Here, forthwith, "Scopey's Choice".

Saturday, May 3, 2014

Sweet With Fall and Fish on Amy Hempel

Sweet With Fall and Fish is another blog that seems to be making the short story commitment this month. The blogger doesn't list his name on the website, or I didn't find it, but if you follow his link to his old website you can identify him. He works at an independent bookstore in Florida and calls himself "a buyer among other things," which in my former life was a role I could have related to. He is going to be posting some of his stories but also recommending short story collections. Today he is writing about Amy Hempel.

Friday, May 2, 2014

Emerging Writers Network on Men Under Water, by Ralph Lombreglia

Probably the main reason I even know of the existence of National Short Story Month is Emerging Writers Network.
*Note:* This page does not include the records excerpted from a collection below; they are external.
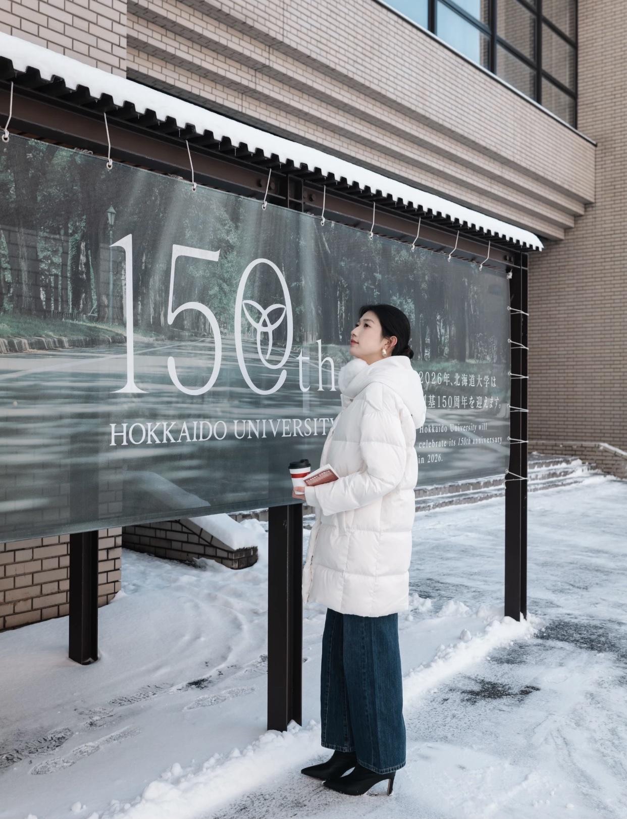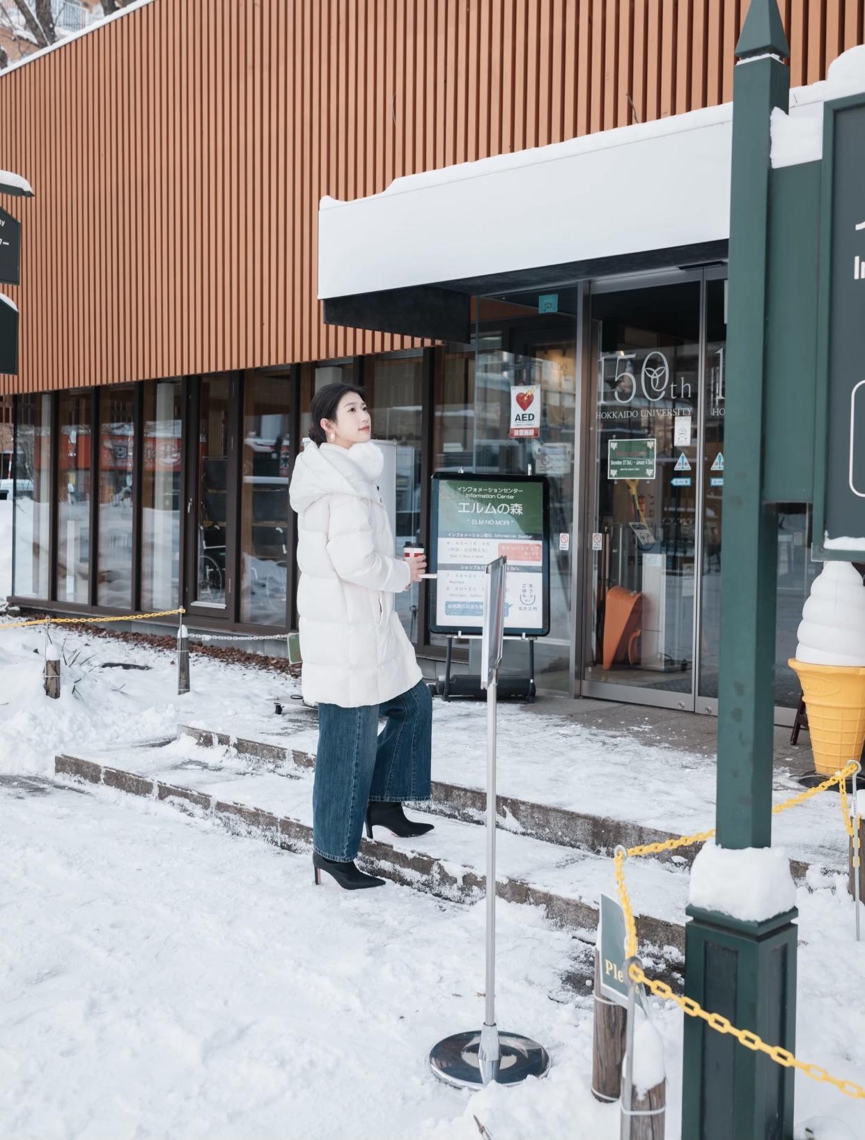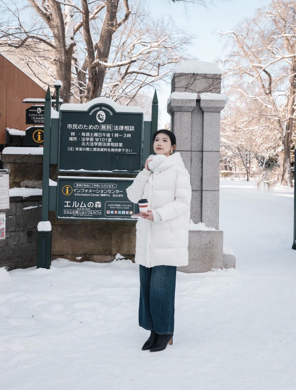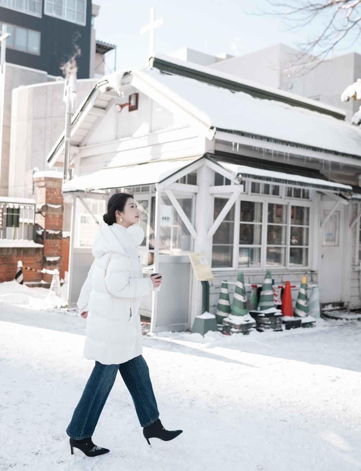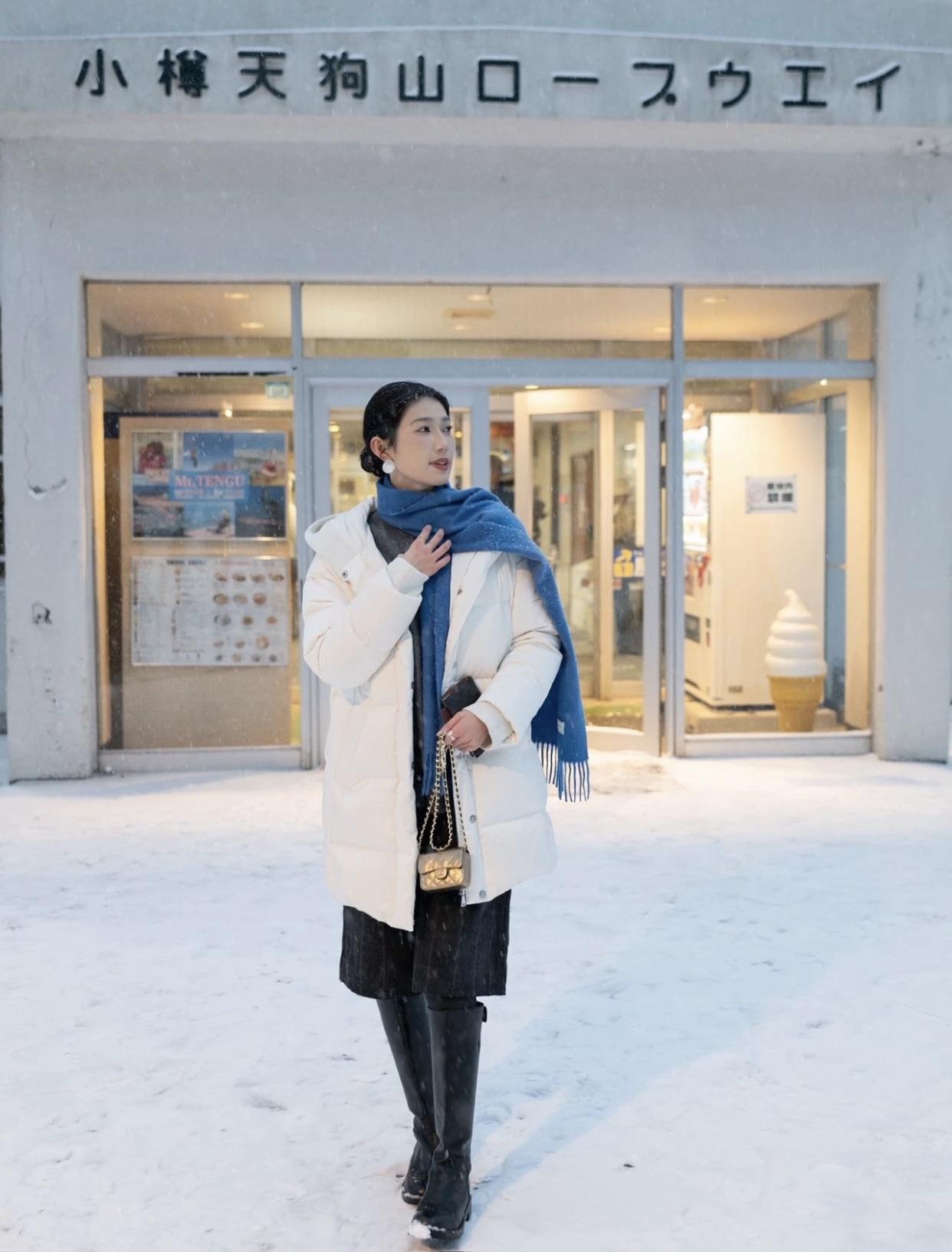 初雪打卡拍照冬日雪景中的时尚穿搭,白色羽绒服搭配蓝色围巾,温暖又时髦。
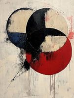 Rode Cirkel | Abstracte Kleurenspel - Dit abstract schilderij kenmerkt zich door vier overlappende cirkels in zwart, blauw, beige en rood op een verweerde witte achtergrond, wat een gevoel voor dynamiek en beweging creëert.
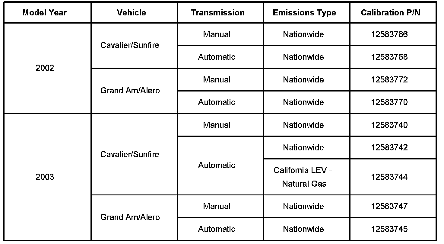 This bulletin provides information about installing new Powertrain Control Module (PCM) software and calibration on certain 2002-2003 vehicles equipped with 2.2L 4 cylinder engines. The revised calibration includes several OBD system improvements that should be installed as soon as practical. Install the new calibration on all affected vehicles identified in this bulletin, including vehicles in new dealer inventory and any vehicles that return for service, for any reason, during the applicable 8 year 80,000 mile (130,000 km) emission warranty coverage period. To verify if an updated calibration is required, refer to the following procedure in this bulletin.
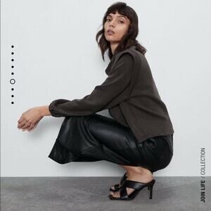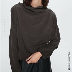 Zara Brown Contrast Draped Sweatshirt High Neck Long Sleeve Sweatshirt Small

In recent times, I think the chief factotum over there (and maybe only factotum, period), Dan Wickett, has been a bit busy with other things recently, but I'm pleased to see that he is revving up the website for May. Today he's reviewing an anthology by Ralph Lombreglia and giving you the link to the ebook of the anthology, which is currently on sale. You can find out all about it HERE


And do check in over at Emerging Writers Network throughout the month, as you are likely to find a lot of interesting leads, short storywise.

Thursday, May 1, 2014

Oh well, if you insist--prompts

No, I'm not doing prompts this year, but I can direct you to a month of prompts going on at Nano Fiction. Their site is all about flash fiction, but there's no reason you can't adapt them to your own ends...

You're welcome. Don't mention it.

National Short Story month, 2014

Well, May has rolled around again. A couple of years ago, I did a month of writing prompts here during this time for the one or two people who either knew I was doing this or randomly happened upon it. Last year there were a couple of big life events going on in May, so I didn't even attempt it. This year, I'm feeling more ambitious about a writing project I just started on than I am about blog prompts, but I think it might be kind of cool to be thinking about stories and story links all month, and I'll include you in the journey too if you want to check in here.


Let's start with a list of great story collections that I just found at Publisher's Weekly, assembled by the short story writer Carolyn Cooke. It's kind of a classic list, not that it means I've read many of them. The name and title that were new to me was Love is Power, or Something Like That, by A. Igoni Barrett.


I can see right now that I am setting myself up for a fall. I'm supposed to be reading The Way We Live Now by Anthony Trollope. I'm enjoying it, but it is not by any stretch (or shrinkage) of the imagination a short story.